Activity ▸ I'd like the listing below copied exactly, with the images left out.

Information provided ▸
┄┄┄┄┄┄┄┄┄┄┄┄┄┄┄┄┄┄┄┄
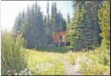
IDEAL FAMILY GET-AWAY CABIN

Deka Lake. Louise Cleverley $89,000 MLS# N224214
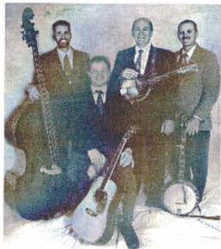
Hart Brothers Saturday
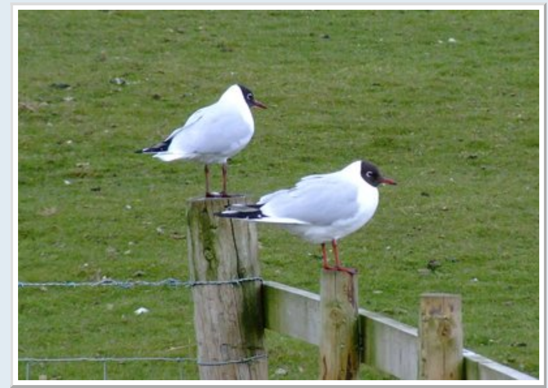
Black-headed Gulls - breeeding plumage
┄┄┄┄┄┄┄┄┄┄┄┄┄┄┄┄┄┄┄┄
Exercise output ▸
IDEAL FAMILY GET-AWAY CABIN

Deka Lake. Louise Cleverley $89,000 MLS# N224214
Hart Brothers Saturday
Black-headed Gulls - breeeding plumage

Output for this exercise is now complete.